Selon la procédure illustrée ci-haut, le risque doit être réduit en premier lieu par le concepteur du produit, procédé ou service en effectuant dans l’ordre la ou les actions suivantes : (1) prévention intrinsèque (ex. : modifier le design d’un produit), (2) mesures de protection (ex. : ajouter un embout de plastique sur un coin coupant) et (3) information pour les utilisateurs (ex. : mise en garde). Le risque subsistant après la conception peut ensuite être réduit par l’utilisateur, et ce, en se conformant à l’information mise à sa disposition par le concepteur/fournisseur (ex. : porter un équipement de protection individuelle, tel qu’un casque de protection). Comparativement aux mesures proposées pour le concepteur, celles touchant l’utilisateur ne possèdent pas de priorité; l’adoption de l’une ou de plusieurs d’entre elles dépendra donc du contexte. La norme insiste également sur le fait que les dispositifs de protection, de même que l’information mise à la disposition de

l’utilisateur, ne devraient en aucun cas être utilisés pour suppléer aux améliorations que la conception pourrait apporter. Finalement, en comparaison à la méthode de gestion du risque dans les projets (cf. Figure 2), les mesures choisies lors de ce processus de réduction du risque pourraient être équivalentes à de l’évitement (ex. : modifier le design du produit afin d’éviter que l’utilisateur n’entre en contact avec le risque), du contrôle (ex. : émettre une mise en garde à l’utilisateur) ou du transfert (ex. : demander à l’utilisateur de porter un équipement de protection individuelle).

Dans un autre ordre d’idées, le Guide ISO/CEI 51 [1999] contient certaines lacunes qui pourraient limiter la mise en application de la démarche de gestion du risque qu’il propose.
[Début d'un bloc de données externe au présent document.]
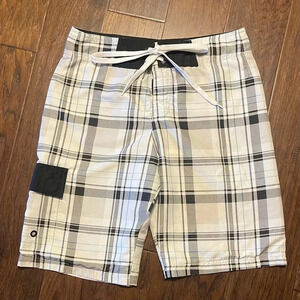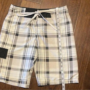 Carbon Plaid Cargo Swim Board Shorts Pockets Y2K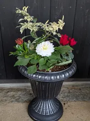 寄せ植えバイキング2 寄せ植えバイキングの花苗でダリア主役の寄せ植え作りました🤗マダムダリアレモンスワール名前も素敵🤍赤のガーデンシクラメン❤️観賞用トウガラシ ハロウィンプレミアムカザニア(ライン友達でもらえる苗)mahalo♡

Par exemple, il stipule qu’il faut tenir compte des groupes d’utilisateurs probables, mais il ne suggère pas de méthodes ou de moyens permettant de faciliter leur identification. De plus, il ne fait qu’énumérer les mesures préventives possibles (ex. : mesures de protection pour le concepteur) pour la démarche de réduction du risque, sans toutefois donner leur signification exacte. Finalement, comparativement à la gestion du risque dans les projets (cf. Figure 2), la norme ne mentionne en aucun cas la nécessité d’effectuer un suivi des risques, ni de documenter le processus de gestion du risque en son entier.

Le Guide ISO/CEI 51 [1999] propose donc une démarche générale de gestion du risque qui laisse place à une grande liberté d’interprétation, et pour laquelle un certain effort a été consenti afin de donner des directives spécifiques relatives à l’utilisation de produits, services ou procédés (ex. : la considération des groupes d’utilisateurs, le processus de réduction du risque). Tel que vu précédemment, l’application d’une telle démarche pourrait aboutir à l’émission d’informations pour la sécurité, qui pourront par exemple prendre la forme d’une mise en garde. Un nombre impressionnant de travaux ont d’ailleurs été effectués sur ce sujet et la prochaine section de ce chapitre s’y consacre donc pleinement.